Secondly we note (as you say) that by a colouring argument, we obviously cannot have a good pair if the (i+j) values have the same parity.

So it remains to find a construction that works for any even value of N, and any pair with different (i+j) parities.

This is not a proof, but I will outline my construction with the aid of this picture: https://ibb.co/5BJ6Wh7

Note that since the points of the pair are distinct, then at least one of two things holds: either i1 != i2, or j1 != j2, or both.

Suppose abs(i2-i1) is even (possibly zero), then abs(j2-j1) must be odd, since i2+j2-i1-j1 is odd. Similarly is abs(i2-i1) is odd, then abs(j2-j1) is even.

Without loss of generality, I will demonstrate a construction assuming that abs(i2-i1) is odd, and the same solution can be rotated 90 degrees if abs(i2-i1) is even (since abs(j2-j1) must be odd in that case).

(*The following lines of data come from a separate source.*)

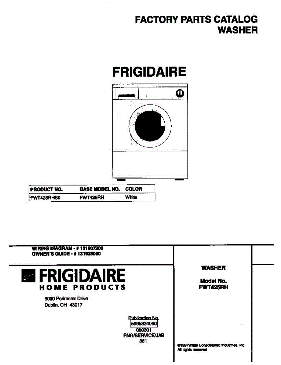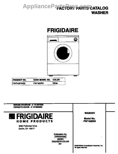 Parts for Frigidaire FWT425RHS0: 01 - Cover Parts
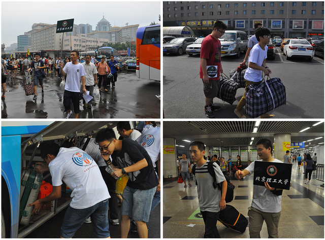 8月23日5:00,伴着微微的曙光,志愿者们踏上前往各迎新站的班车,开始了一天的工作。上午九时左右,北京下起了微微小雨,各车站迅速启动应急预案,为新生和家长发放雨具。出站口、服务站、上车处,处处可以看到志愿者们忙碌的身影、听到他们热情耐心的讲解和指引。在每个人潮涌动的出站口,都有高举“北京成人头条”引导牌的北理志愿者;在各站迎新服务台,等待班车的新同学和家长们与志愿者们亲切地交谈;班车引导志愿者们顶着炎炎烈日,挥汗如雨,一趟又一趟来往于停车场与服务台之间。“北京成人头条欢迎你,新同学!”——学长学姐们的微笑,是理工学子们眼中的第一抹阳光,是北理工最好的名片!
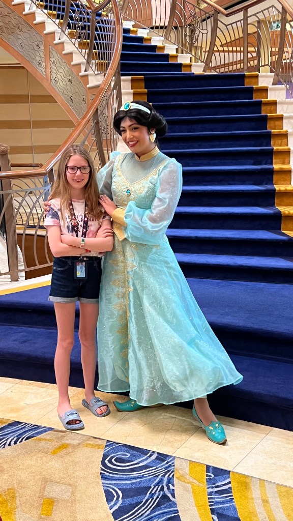 We also had a booking for The Royal Gathering which is an opportunity to meet several of the Princesses at once in the Grand hall. We managed to meet Rapunzel, Belle, Tiana and Jasmine who stand in an line and you move down and get to speak to each one and have your photo taken. Pip may have been a little old for this but Andy really enjoyed meeting Princess Jasmine!
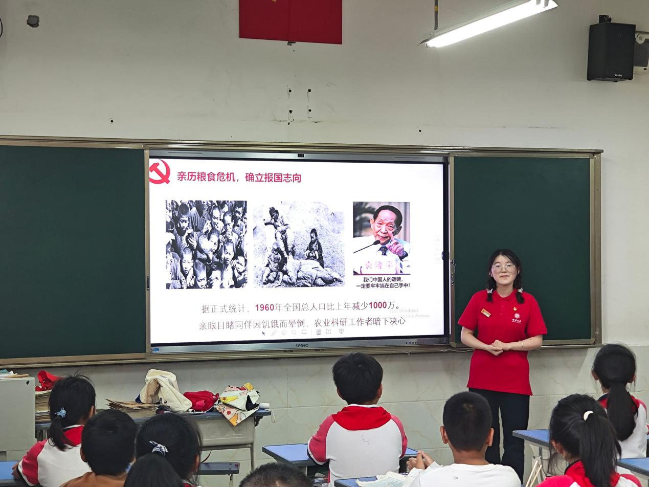 研究生党员李晓琳同志通过“境外间谍情报机关窃取我国杂交水稻亲本种子资源”案例,将农业种质资源安全、粮食安全、大食物观和国家安全等思政内容润物无声地融入小朋友课堂。同时,李晓琳同志建议孩子们养成节约粮食、珍惜粮食的良好习惯,用实际行动贯彻落实习近平总书记关于“坚决制止餐饮浪费行为,切实培养节约习惯”的重要指示,共同维护粮食安全、拒绝“舌尖上的浪费”!
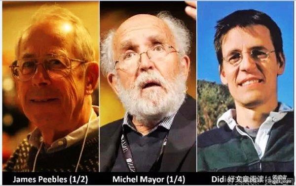 2019诺贝尔物理学奖,有三位得主:美国普林斯顿大学James Peebles教授,以表彰他“在物理宇宙学的理论发现”;以及瑞士日内瓦大学的Michel Mayor教授和瑞士日内瓦大学兼英国剑桥大学教授Didier Queloz,以表彰他们“发现了一颗围绕类太阳恒星运行的系外行星”。
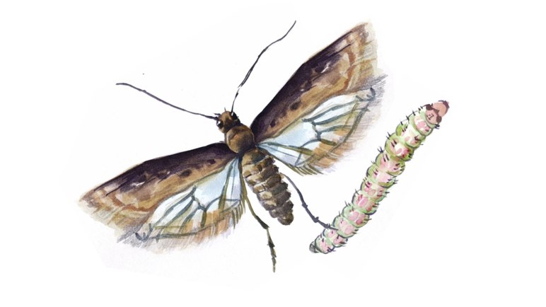 🔷 Гусеницы скелетируют листья. Весной и в начале лета они минируют листья, обычно вдоль главных жилок, а также протачивают ходыв черешках. Поврежденные листья скручиваются и чернеют. На месте центральной розетки образуется черный ком, состоящий из скрепленных шелковиной разложившихся листьев.

Again without loss of generality, say i1 < i2. Then all rows i < i1 and i > i2 can be covered by horizontal tiles (green in my picture).

Note that in rows i1 and i2, there are now only N-1 cells to be covered. This means that on one side of the cell (i1,j1), there is a gap of an even number of cells (possibly zero), and on the other side there is an odd number of cells. In each row, let's cover the even side with horizontal tiles. Since i1 != i2 mod 2, we know j1 = j2 mod 2, so the even gap is on the same side in row i1 as it is in row i2.

On the odd side, use horizontal tiles until the very last cell, then a vertical tile into the next row (either i1+1 or i2-1). Then iteratively fill each row with horizontal tiles until the last cell, with one vertical tile into the subsequent row, and so on. The coverings are blue in my picture. Since the parity of i1 is different to i2, these will eventually meet without conflict.